But it was his development of the eponymous Polak Model in 1957 that both Dr. Polak and colleagues agree was the economist’s most important contribution both to economics and to the institution he served for six decades.

The Polak Model explained a country’s balance of payments in monetary terms, enabling economists to understand the causes of a country’s international economic imbalances. By locating the source of balance of payments problems in domestic credit creation, the model gave the IMF the ability to prescribe the steps a nation in economic distress should take to correct them.

“There must be literally hundreds of papers that take off from the Polak Model and hundreds of Fund programs that utilized it,” Mohsin Khan, a former IMF official and colleague of Dr. Polak’s, said in an interview in 2008. “The genius of the model is that it straddles “both theory and operational work.”

Dr. Polak left the Fund’s employ in early 1980, staying on for several months past his formal retirement during a U.S. dollar crisis to advise then-Managing Director Jacques de Larosière about a proposal to create a special IMF account to enhance the role of the SDR. The so-called substitution account would have allowed countries to exchange unwanted dollars for SDRs. But when the dollar suddenly strengthened, countries lost interest in the proposal and “an opportunity for radical change in the system was missed,” Dr. Polak said in an interview in 2008.

Dr. Polak, who started studies in accounting but shifted to economics during the Depression, studied under Jan Tinbergen, the noted Dutch economist who was to share the first Nobel laureate in economics in 1969. He followed Tinbergen to the League of Nations in Geneva, Switzerland, in 1937 to work first on global economic studies, then, even as war was raging, on plans for the peace––to avoid the mistakes made at the end of World War I.

He and colleagues survived what he called a “harrowing trip” from Geneva across occupied France, Spain and Portugal to the United States in 1940 to continue the planning work at the Institute for Advanced Study at Princeton University. He subsequently went to work for the Dutch Embassy in Washington, D.C., where he participated in the planning sessions that preceded the Bretton Woods conference, which he attended in July 1944 as a member of the Dutch delegation.

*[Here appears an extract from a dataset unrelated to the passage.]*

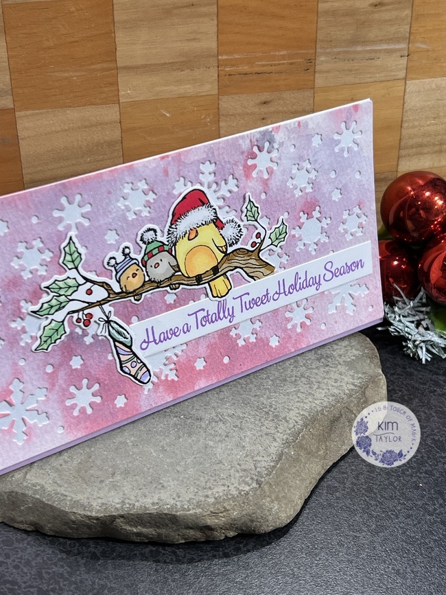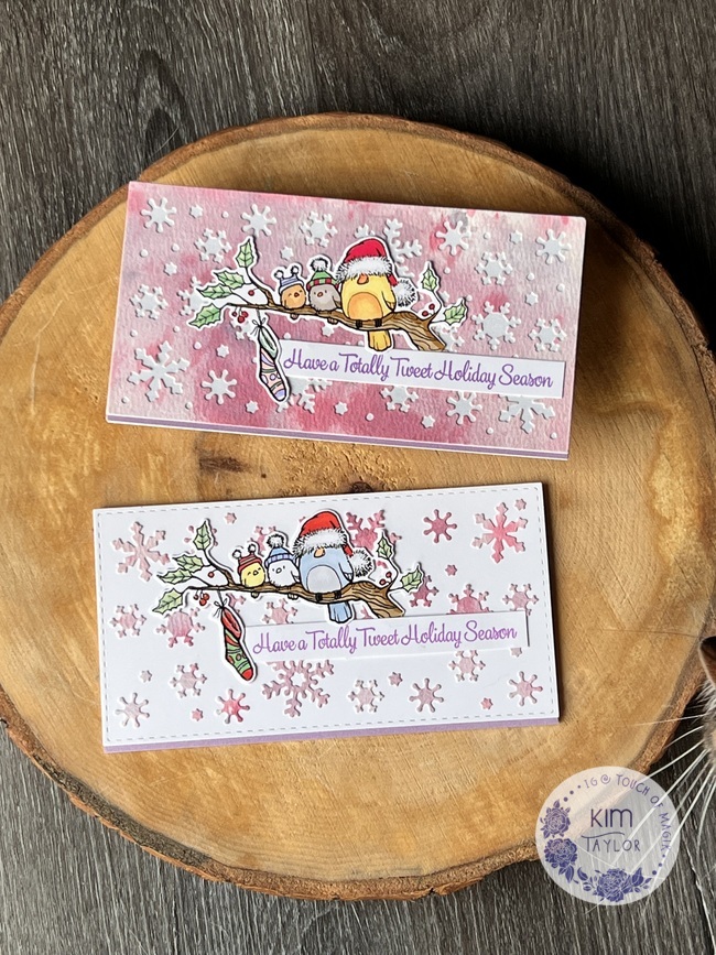 I coloured the image from the YNS Tweet Holiday Stamp twice with my Ohuhu Alcohol Markers and cut them out with the coordinating die. The sentiment is stamped in purple to tie in the colours from the background panel. I added a slim strip of purple shimmer along the bottom edge of the card then added the finished piece on top. I just wanted to tie the colours all together visually . The finished cards are 6 1/4″ x 3 3/8″

In 1946, “pretty badly in need of a job,” as he put it in the 2008 interview, he accepted an offer from Edward M. Bernstein, the IMF’s first director of research, and began a six-decade affiliation with the fund. In 1981, a year after retiring from the Fund staff, he became Executive Director for the Netherlands and learned, he said, that a small country can “play an important role as part of the conscience of the Board.”

He also served as president of the IMF’s Per Jacobsson Foundation from 1987 to 1997 and after that maintained an advisory role, coming to the IMF several times a week until late 2007.

The IMF named its annual research conference after Dr. Polak. “This conference will remain a testimony to his service to the IMF and the global monetary system,” Strauss-Kahn said.

Dr. Polak’s wife Josephine, died in 2008. He is survived by a son, Willem, and a sister, Martha Ben-Assa.